### Task prompt
Copy the lines below exactly, starting at the one with "绿色卡通森林儿童节PPT模板" and ending at the one with "P/B 来看,最被市场低估的为 SOS", and leave out any picture.

### Exercise data
- - - - - - -

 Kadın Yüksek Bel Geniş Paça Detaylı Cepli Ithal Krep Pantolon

- - - - - - -

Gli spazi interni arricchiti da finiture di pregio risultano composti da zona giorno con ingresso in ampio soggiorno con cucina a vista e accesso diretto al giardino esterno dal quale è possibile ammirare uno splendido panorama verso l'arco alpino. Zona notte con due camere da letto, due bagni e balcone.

- - - - - - -

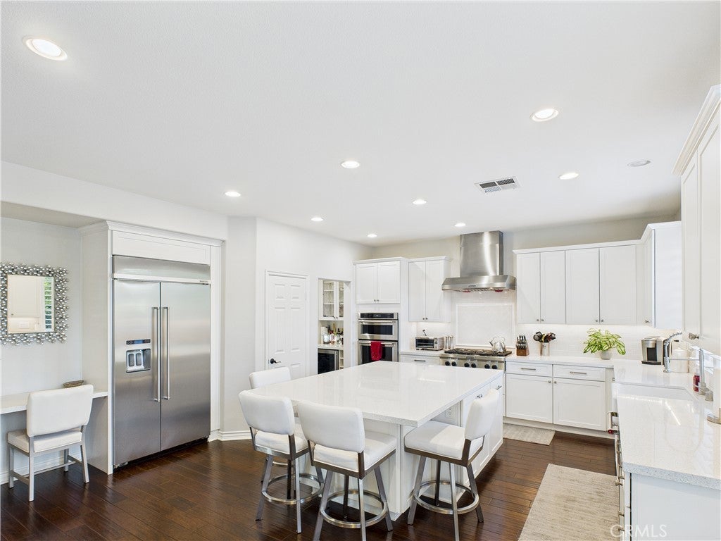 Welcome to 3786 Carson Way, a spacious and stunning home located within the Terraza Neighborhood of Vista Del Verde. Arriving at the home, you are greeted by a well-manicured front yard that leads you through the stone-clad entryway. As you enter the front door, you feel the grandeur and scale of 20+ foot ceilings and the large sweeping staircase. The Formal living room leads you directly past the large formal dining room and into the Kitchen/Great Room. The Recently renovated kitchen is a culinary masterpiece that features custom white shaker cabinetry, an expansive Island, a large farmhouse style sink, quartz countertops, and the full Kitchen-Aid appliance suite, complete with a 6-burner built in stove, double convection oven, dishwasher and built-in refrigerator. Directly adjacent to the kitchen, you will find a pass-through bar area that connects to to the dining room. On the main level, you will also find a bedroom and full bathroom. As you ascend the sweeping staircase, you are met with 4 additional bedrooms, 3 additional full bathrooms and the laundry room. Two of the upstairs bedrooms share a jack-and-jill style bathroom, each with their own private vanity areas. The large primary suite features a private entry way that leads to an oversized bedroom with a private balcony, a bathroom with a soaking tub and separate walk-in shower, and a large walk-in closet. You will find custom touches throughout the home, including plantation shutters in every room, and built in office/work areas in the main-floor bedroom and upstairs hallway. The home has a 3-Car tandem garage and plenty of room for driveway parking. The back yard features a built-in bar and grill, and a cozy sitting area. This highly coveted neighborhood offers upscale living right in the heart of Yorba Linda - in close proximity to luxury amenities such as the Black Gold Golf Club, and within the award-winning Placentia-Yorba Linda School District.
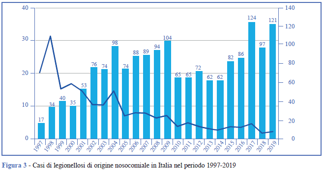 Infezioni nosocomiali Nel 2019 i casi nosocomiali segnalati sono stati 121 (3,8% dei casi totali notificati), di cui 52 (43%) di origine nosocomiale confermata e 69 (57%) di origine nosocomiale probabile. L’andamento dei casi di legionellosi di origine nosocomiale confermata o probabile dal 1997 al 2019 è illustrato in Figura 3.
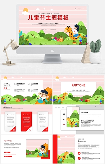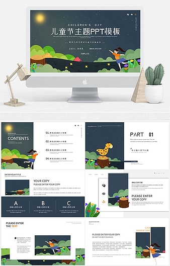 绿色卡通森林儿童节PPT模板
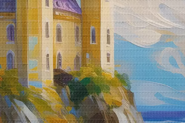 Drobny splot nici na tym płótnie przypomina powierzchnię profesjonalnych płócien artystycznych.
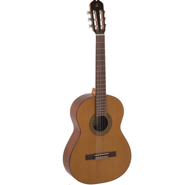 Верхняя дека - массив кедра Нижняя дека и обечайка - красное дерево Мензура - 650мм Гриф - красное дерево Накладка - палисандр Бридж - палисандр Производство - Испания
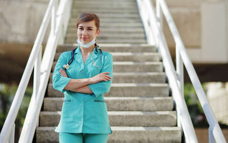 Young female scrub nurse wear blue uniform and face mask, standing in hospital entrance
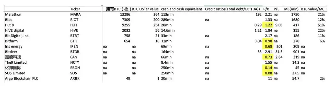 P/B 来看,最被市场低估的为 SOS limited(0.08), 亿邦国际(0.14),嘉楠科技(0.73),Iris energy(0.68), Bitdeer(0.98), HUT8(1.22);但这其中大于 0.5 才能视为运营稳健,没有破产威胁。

- - - - - - -

### Answer box
 绿色卡通森林儿童节PPT模板
 Drobny splot nici na tym płótnie przypomina powierzchnię profesjonalnych płócien artystycznych.
 Верхняя дека - массив кедра Нижняя дека и обечайка - красное дерево Мензура - 650мм Гриф - красное дерево Накладка - палисандр Бридж - палисандр Производство - Испания
 Young female scrub nurse wear blue uniform and face mask, standing in hospital entrance
 P/B 来看,最被市场低估的为 SOS limited(0.08), 亿邦国际(0.14),嘉楠科技(0.73),Iris energy(0.68), Bitdeer(0.98), HUT8(1.22);但这其中大于 0.5 才能视为运营稳健,没有破产威胁。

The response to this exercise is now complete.